В день вступления франко-британских войск на территорию Сирии генерал Жорж Катру, принявший от имени де Голля пост представителя Франции в странах Леванта, обратился к сирийскому и ливанскому народам с заявлением: «Я иду положить конец мандатному режиму и провозгласить вас свободными и независимыми»{44}. В тот же день британское правительство заявило о своей поддержке «гарантий независимости, данных генералом Катру». Однако радость сирийских и ливанских националистов была преждевременной. Де Голль и его сподвижники не отказались от надежды сохранить французскую империю после войны. Сирии и Ливану еще предстояло побороться за свою независимость.

Едва руководство «Свободной Франции» успело объявить о своем намерении прекратить действие мандатов, как ливанцы стали готовиться к обретению независимости. К лету 1943 года лидеры различных религиозных общин разработали механизм разделения власти и заключили неписаное соглашение, получившее название Национальный пакт. Поскольку этот договор был засвидетельствован политическими главами всех вовлеченных общин, ливанцы поддержали Национальный пакт, не видя необходимости зафиксировать его условия в официальном документе. Согласно пакту пост президента Ливана отдавался маронитам, пост премьер-министра — суннитам, а пост спикера парламента — шиитам. Другие важные должности в кабинете были отданы друзам, православным христианам и прочим религиозным общинам. Места в парламенте должны были быть распределены в соотношении шесть христианских депутатов на каждые пять мусульманских депутатов (включая суннитов, шиитов и друзов).

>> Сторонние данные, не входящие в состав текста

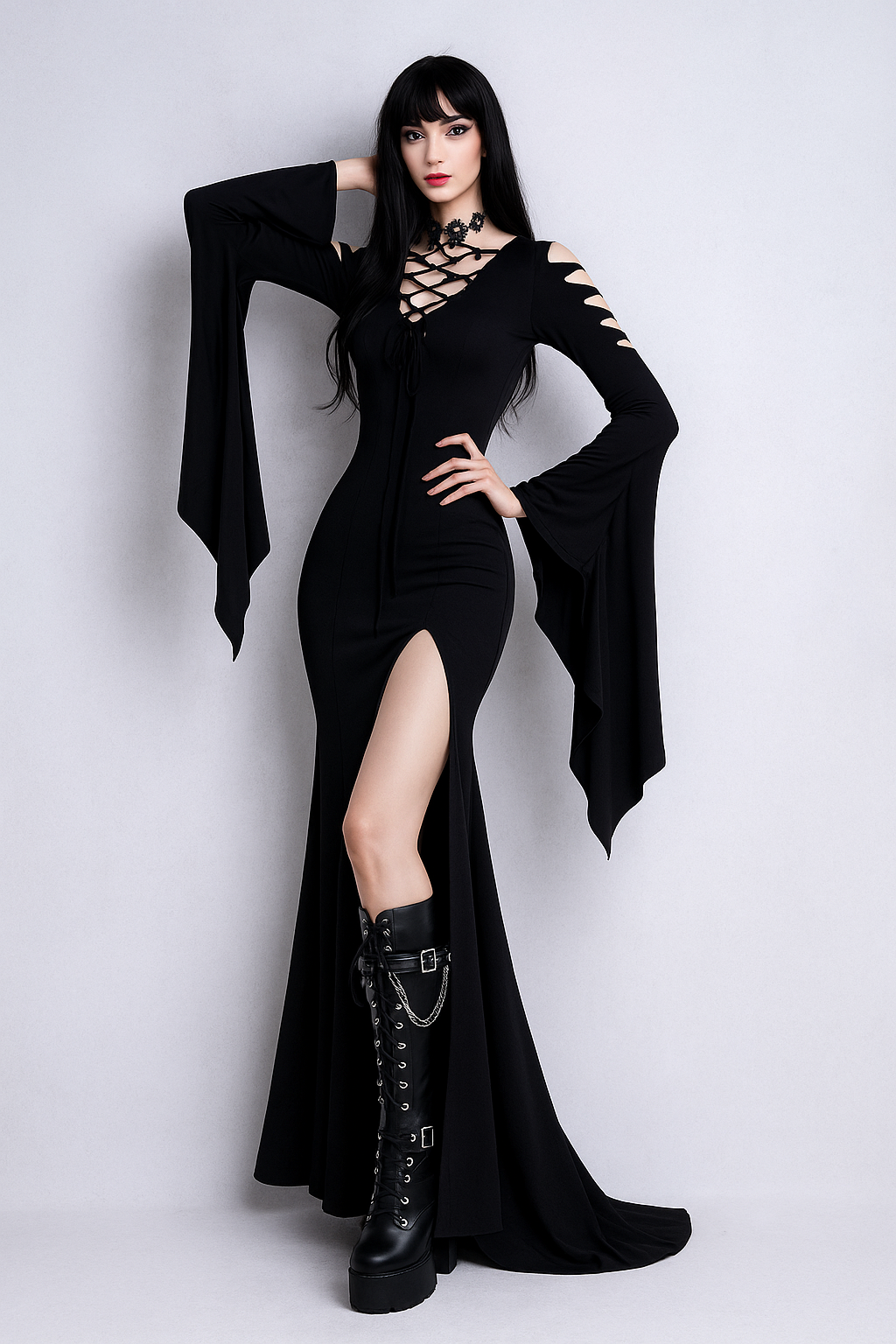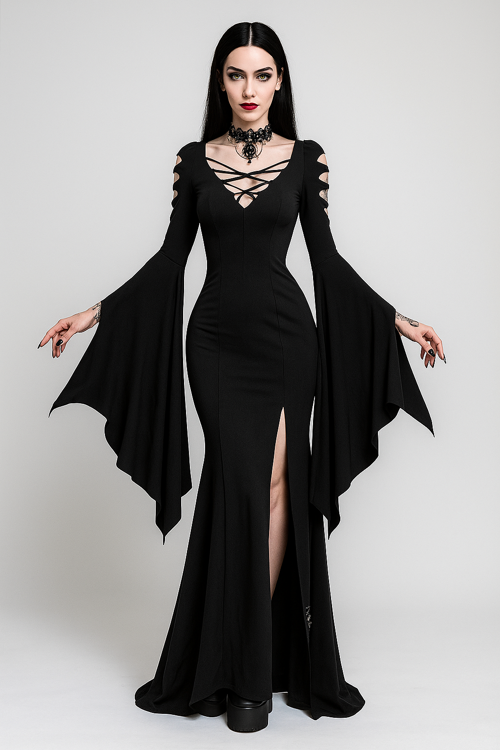 WITCHVEIL MAXI – GOTHIC V-NECK BAT SLEEVE DRESS.
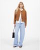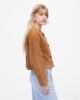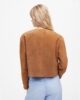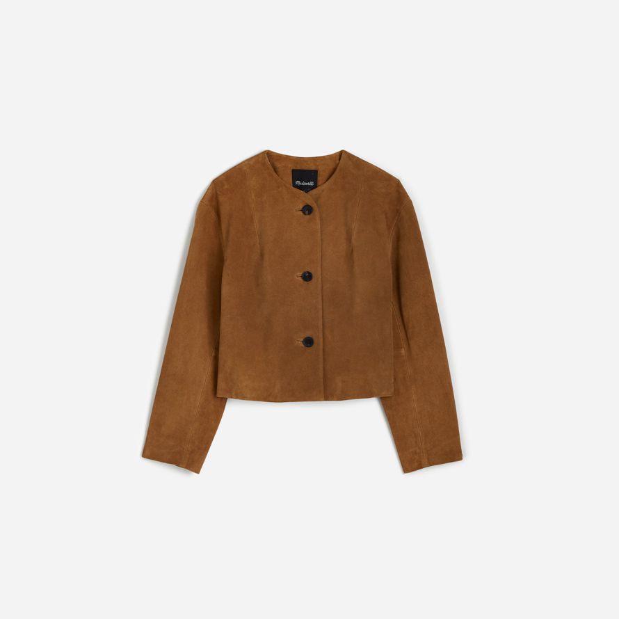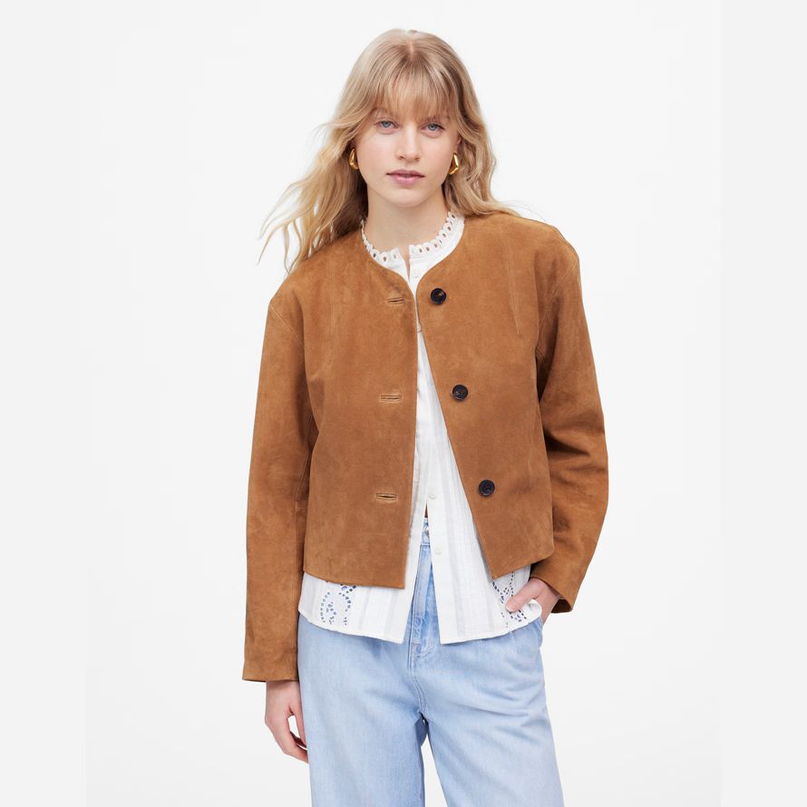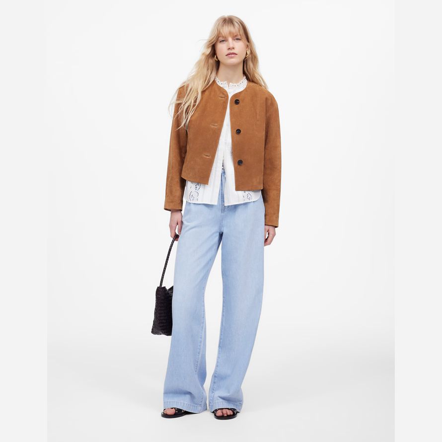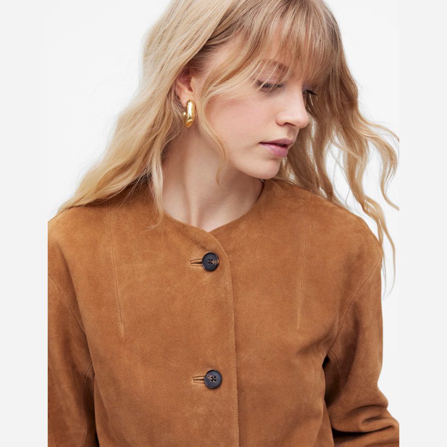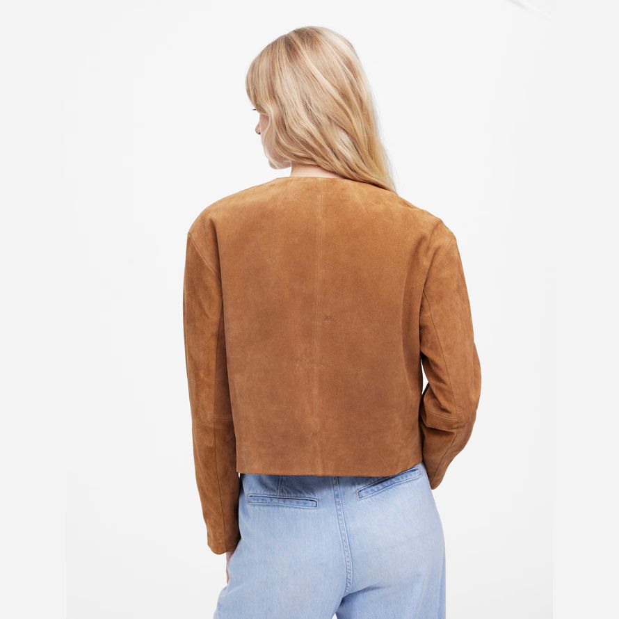 veste de luxe suede. Son recadrée, sans col design s’accorde parfaitement avec la grande-leg jeans pour un moderne, look décontracté.

На первый взгляд могло показаться, что Национальный пакт прекрасно разрешал напряженность в отношениях между общинами Ливана, гарантируя каждой из них долю участия в управлении страной. Однако он закреплял архаичный принцип конфессионализма, в свое время навязанный французами, предусматривая жесткое распределение государственных постов на основе конфессионального критерия, что отрицательно сказалось на всей дальнейшей политической жизни Ливана и препятствовало достижению в стране подлинной интеграции. Это наследие, оставленное французами, надолго пережило их правление в Ливане.

Урегулировав политические вопросы, ливанские лидеры провели в том же 1943 году новые парламентские выборы. В соответствии с ливанской конституцией 55 новых членов парламента 21 сентября 1943 года избрали первого президента независимой Ливанской Республики, которым стал уже известный нам адвокат и националист Бишара аль-Хури.

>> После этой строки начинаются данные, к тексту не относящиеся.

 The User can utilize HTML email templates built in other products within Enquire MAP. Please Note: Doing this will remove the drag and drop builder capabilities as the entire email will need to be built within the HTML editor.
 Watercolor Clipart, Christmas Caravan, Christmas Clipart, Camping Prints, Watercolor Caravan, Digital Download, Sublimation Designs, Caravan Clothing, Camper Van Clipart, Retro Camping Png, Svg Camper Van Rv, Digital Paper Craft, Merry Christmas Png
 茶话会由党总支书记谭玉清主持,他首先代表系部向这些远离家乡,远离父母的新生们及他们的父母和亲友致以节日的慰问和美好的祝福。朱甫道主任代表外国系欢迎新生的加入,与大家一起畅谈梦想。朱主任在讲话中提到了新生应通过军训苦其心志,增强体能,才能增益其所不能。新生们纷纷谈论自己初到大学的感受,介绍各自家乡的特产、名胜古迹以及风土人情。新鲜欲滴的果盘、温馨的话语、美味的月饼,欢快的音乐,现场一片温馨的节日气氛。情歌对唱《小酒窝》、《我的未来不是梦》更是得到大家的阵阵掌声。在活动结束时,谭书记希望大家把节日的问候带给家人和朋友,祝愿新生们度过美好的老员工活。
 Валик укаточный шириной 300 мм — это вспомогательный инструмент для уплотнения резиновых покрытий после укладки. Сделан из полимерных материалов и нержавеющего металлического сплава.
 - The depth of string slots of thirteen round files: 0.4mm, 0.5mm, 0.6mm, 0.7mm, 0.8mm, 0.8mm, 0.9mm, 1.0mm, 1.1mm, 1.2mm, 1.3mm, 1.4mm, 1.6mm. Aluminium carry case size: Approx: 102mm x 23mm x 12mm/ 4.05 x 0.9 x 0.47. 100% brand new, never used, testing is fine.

Аль-Хури был тем самым человеком, который когда-то консультировал генерала Гуро и который с самого начала критиковал французский мандат в Ливане. Он приобрел общенациональную известность в 1934 году, когда с группой политиков-единомышленников сформировал Конституционный блок, ставивший своей целью заменить французский мандат франко-ливанским договором. С того времени аль-Хури последовательно работал над тем, чтобы положить конец французскому правлению в Ливане. Когда он был объявлен президентом, депутаты разразились аплодисментами, и из окон парламента были выпущены белые голуби. «Когда объявили результаты голосования, — впоследствии вспоминал аль-Хури, — и я поднялся на трибуну, чтобы произнести свою речь, за окнами парламента стояли такие крики и пальба, что я едва слышал сам себя. Я сказал им, что мы будем сотрудничать с другими арабскими государствами и покончим с изоляцией Ливана»{45}.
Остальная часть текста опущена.